Finite-element based-prediction of the cracking-torsional behavior of prestressed concrete beams with hollow cross-sections

Abstract

Strengthening hollow structural members against torsional loading using the prestressed concrete (PC) method has received much attention in the last decades from scholars and designers in the field. This study adopted the method of nonlinear finite element analysis (NLFEA) to fulfill the proposed objectives regarding the torsional PC beam behavior where a parametric study was done after the simulated models were validated against experimental work from the literature. The behavior was examined under the effect of the prestressing level $\left(f_{pc}/f_c^{\prime }\right)$ and the ratio of the solid section $\left(A_{cp}/A_c\right)$ that proved to be significant factors and not previously introduced as combined factors. Twenty-eight PC beams with hollow cross-sections were simulated under the effect of pure tension loading where the behavior within the cracking region was successfully captured at small twisting angles.
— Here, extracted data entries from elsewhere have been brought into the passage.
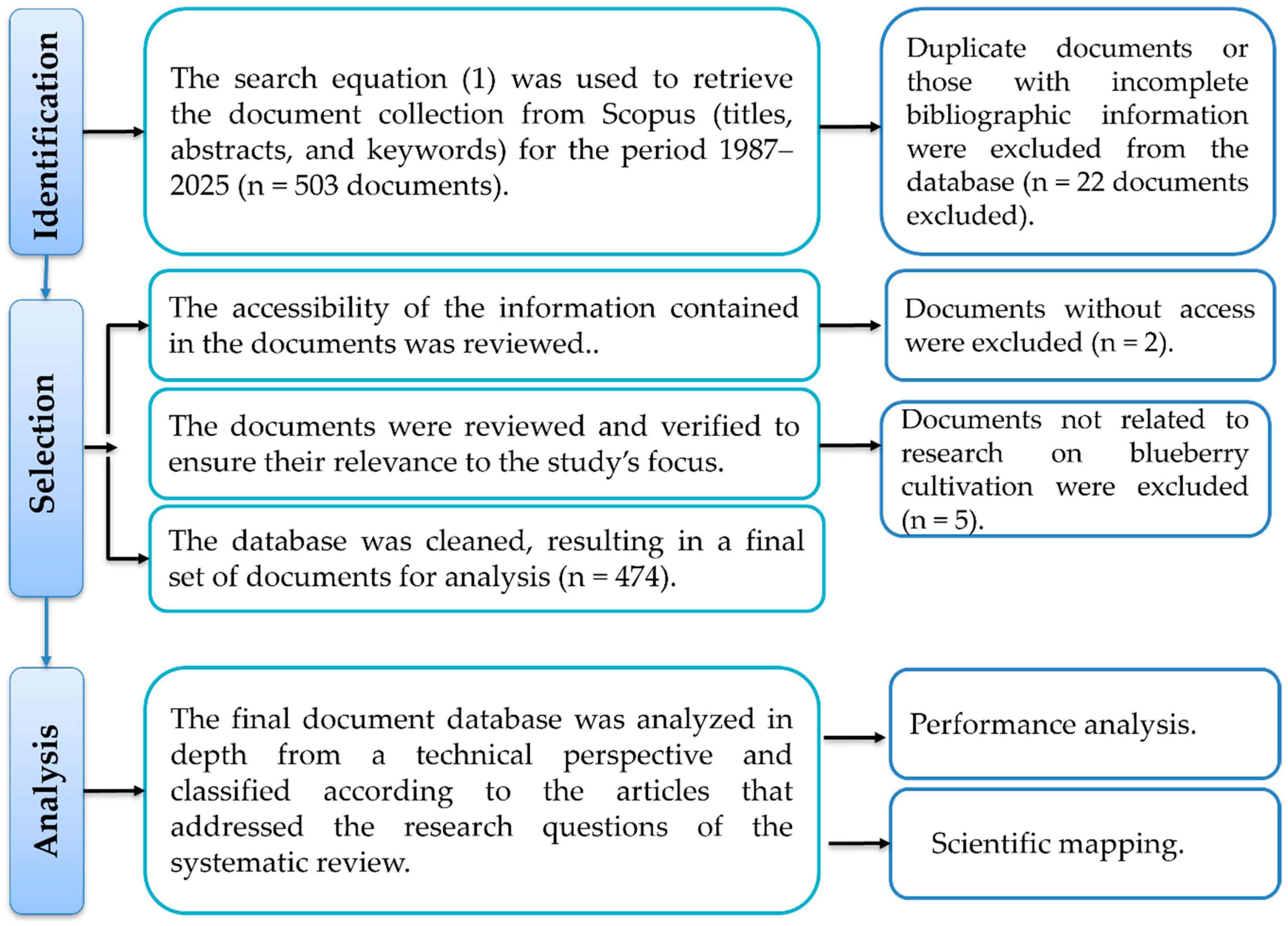 - TITLE-ABS-KEY (blueberry OR “Vaccinium corymbosum” OR “Vaccinium spp.”) AND TITLE-ABS-KEY (“protected cultivation” OR “protected agriculture” OR “greenhouse” OR “tunnel” OR “shade net” OR “net house” OR “agribusiness” OR “fair trade” OR “processing”) AND TITLE-ABS-KEY (irrigation OR fertigation OR fertilization OR “nutrient management” OR pruning OR training OR “crop management” OR “harvest” OR “postharvest” OR “storage” OR “shelf life” OR “diseases” OR “pests” OR “crop protection” OR “biological control” OR “Transformation” OR “Commercialization” OR “Marketing” OR “export” OR “markets”).
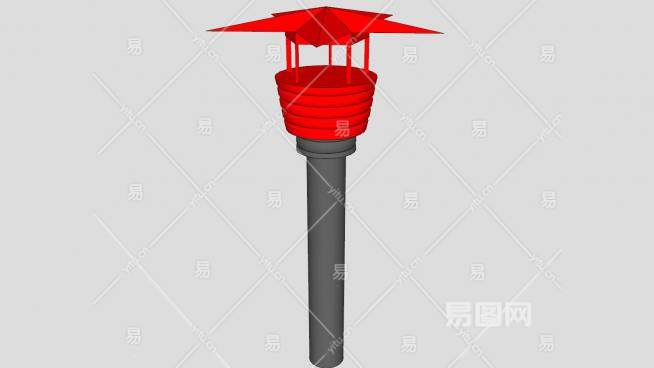 党建红色草坪灯SU模型下载_sketchup草图大师SKP模型
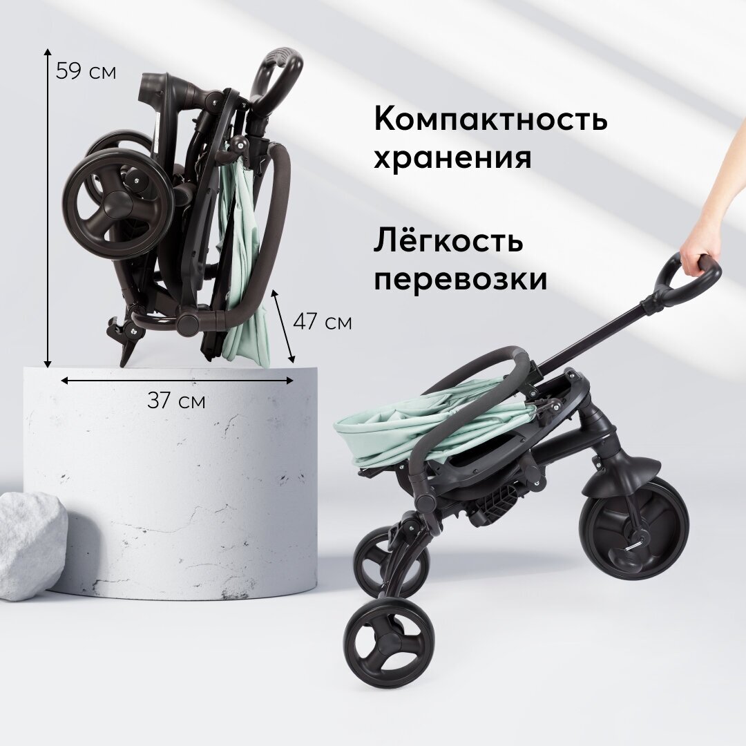 | Минусы: | Небольшой люфт родительской ручки, нет корзины, само складывание занимает некоторое время и отвлекает от ребенка, слабый стопер и только на одном колесе. |
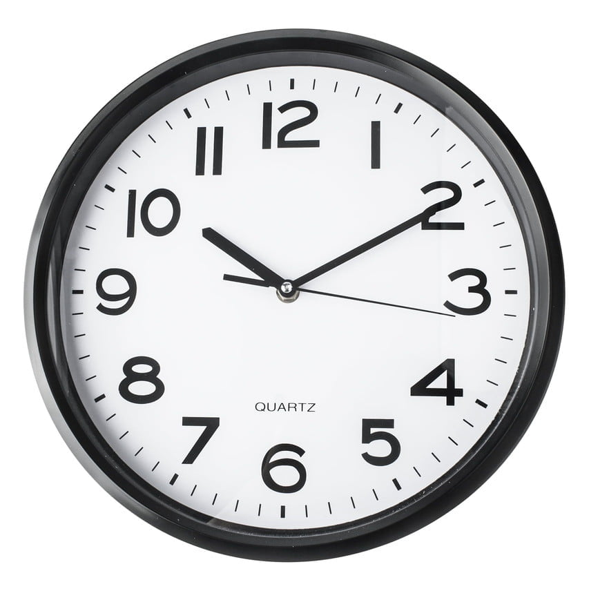Números y agujas en negro sobre fondo blanco, lectura clara a distancia.
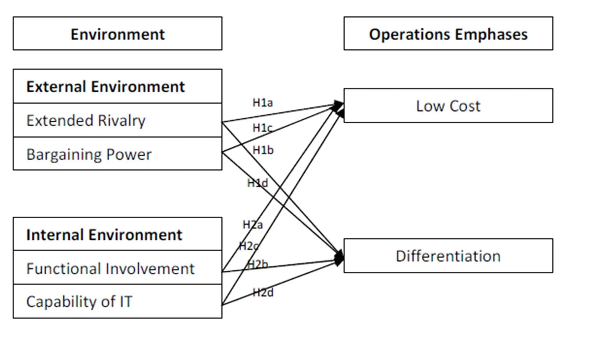 Porter’s five forces is established since 1980 in Porter’s classic text book Competitive Strategy and has been applied in IO analysis to business strategy (Spulber, 2003). The five forces analysis is considered still valid and used to indicate several possible competitive strategies to successfully compete within the industry (Hopkins, 2008). While Porter (1980) categorized environment analysis into five forces, this study aggregates the five forces into two major categories (variables) following that of Narayanan and Fahey (2005). The two variables are extended rivalry (potential/new entrants, substitutes and rivalry) and bargaining power (customer and supplier). With respect to business strategy, Huo et al. (2008) suggested two dimensions of operations emphases namely low cost emphasis and differentiation emphasis. Low cost emphasis is defined as a company competing by being the lowest cost service provider (Huo et al., 2008). Differentiation emphasis is defined as a company differentiating its services from its competitors’ services in areas such as quality, speed and flexibility while cost is not the major strategic focus (Huo et al., 2008). Therefore, the hypotheses are:
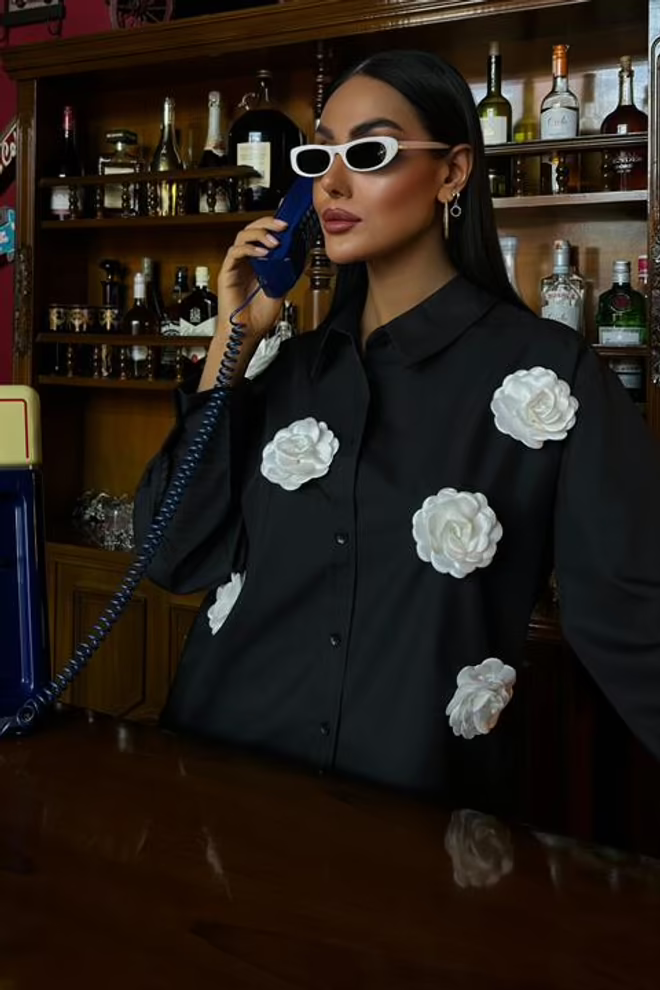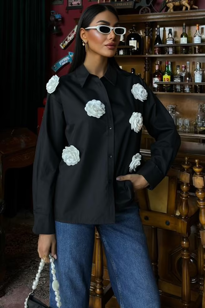 This black oversized button-up shirt combines classic style with modern flair. The solid black base is adorned with white 3D rose-shaped appliqués, creating a bold and romantic look. Its oversized fit and structured silhouette make it a versatile piece for various occasions.
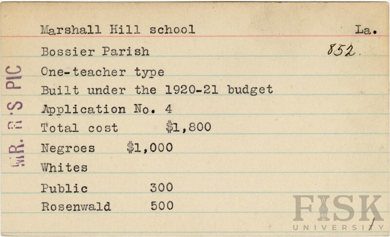 - School card from the Rosenwald Fund for Marshall Hill School in Bossier Parish, Louisiana with a note on the far left of the card that says, "Mr. R's Pic"
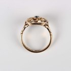 A gold and diamond single stone ring, mounted with a cushion shaped diamond within a scroll decorated shaped circular surround, detailed ‘9ct M&Co’, weight 2.6g, ring size approx G1/2.
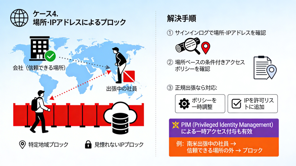 - ユーザーが正規の出張中であれば、ポリシーを一時調整するか、IPアドレスを許可リストに追加する。

However, the NLFEA method enables the prediction of large-size specimens with different prestressing levels that vary from medium to high with different concrete compressive strengths. The cracking torque values $\left(T_{cr}\right)$ were compared between the simulated and theoretically calculated ones. A new expression was proposed for predicting the ultimate and cracking torsional strengths $\left(T_u\&T_{cr}\right)$ for hollow prestressed beams with 0.998 and 0.012 average and standard deviation values that reveal high predictability and accuracy.